== Available data ==
+ + +
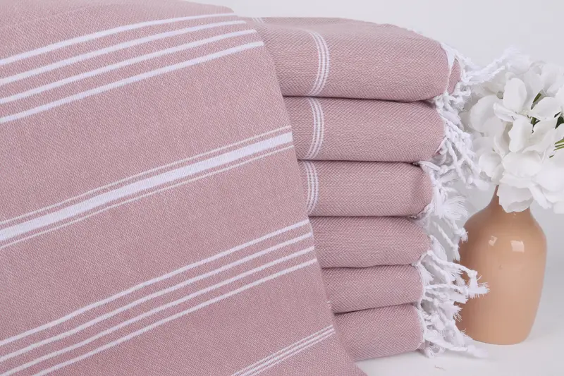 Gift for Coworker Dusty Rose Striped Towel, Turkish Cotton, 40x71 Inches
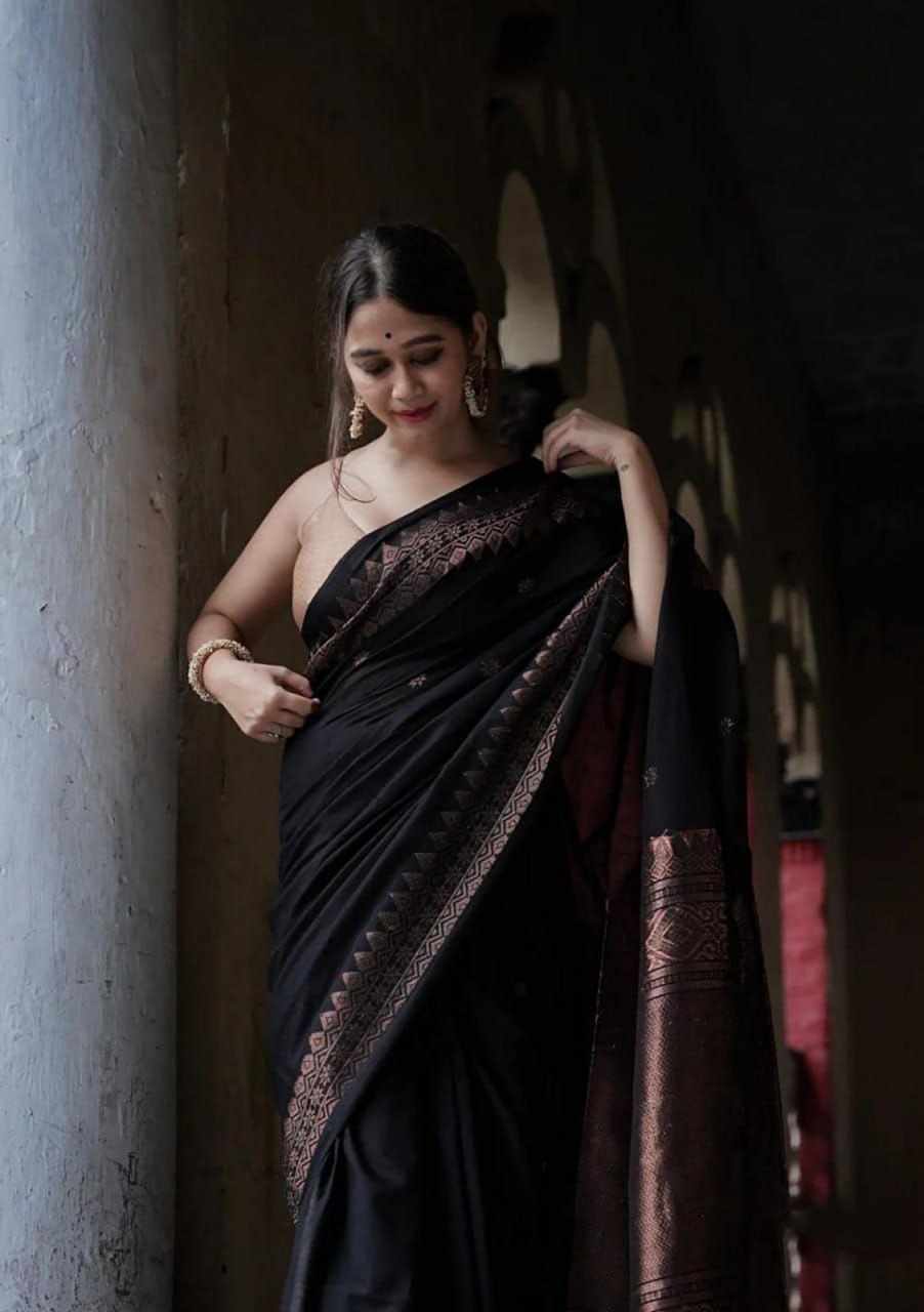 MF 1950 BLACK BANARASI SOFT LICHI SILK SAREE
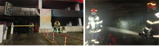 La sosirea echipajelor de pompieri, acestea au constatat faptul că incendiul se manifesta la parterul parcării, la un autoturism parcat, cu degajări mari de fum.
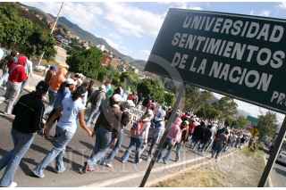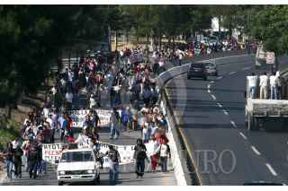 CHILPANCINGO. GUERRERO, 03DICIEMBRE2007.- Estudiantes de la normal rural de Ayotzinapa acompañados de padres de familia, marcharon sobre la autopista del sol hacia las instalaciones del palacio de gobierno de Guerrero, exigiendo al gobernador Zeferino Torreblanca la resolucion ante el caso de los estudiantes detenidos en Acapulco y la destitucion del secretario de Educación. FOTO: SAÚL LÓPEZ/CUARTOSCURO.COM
+ + +
== Work to complete ==
Would you give again exactly the lines from the line containing "La sosirea echipajelor" through the end of the listing, both ends included, without any pictures?

== Output ==
 La sosirea echipajelor de pompieri, acestea au constatat faptul că incendiul se manifesta la parterul parcării, la un autoturism parcat, cu degajări mari de fum.
 CHILPANCINGO. GUERRERO, 03DICIEMBRE2007.- Estudiantes de la normal rural de Ayotzinapa acompañados de padres de familia, marcharon sobre la autopista del sol hacia las instalaciones del palacio de gobierno de Guerrero, exigiendo al gobernador Zeferino Torreblanca la resolucion ante el caso de los estudiantes detenidos en Acapulco y la destitucion del secretario de Educación. FOTO: SAÚL LÓPEZ/CUARTOSCURO.COM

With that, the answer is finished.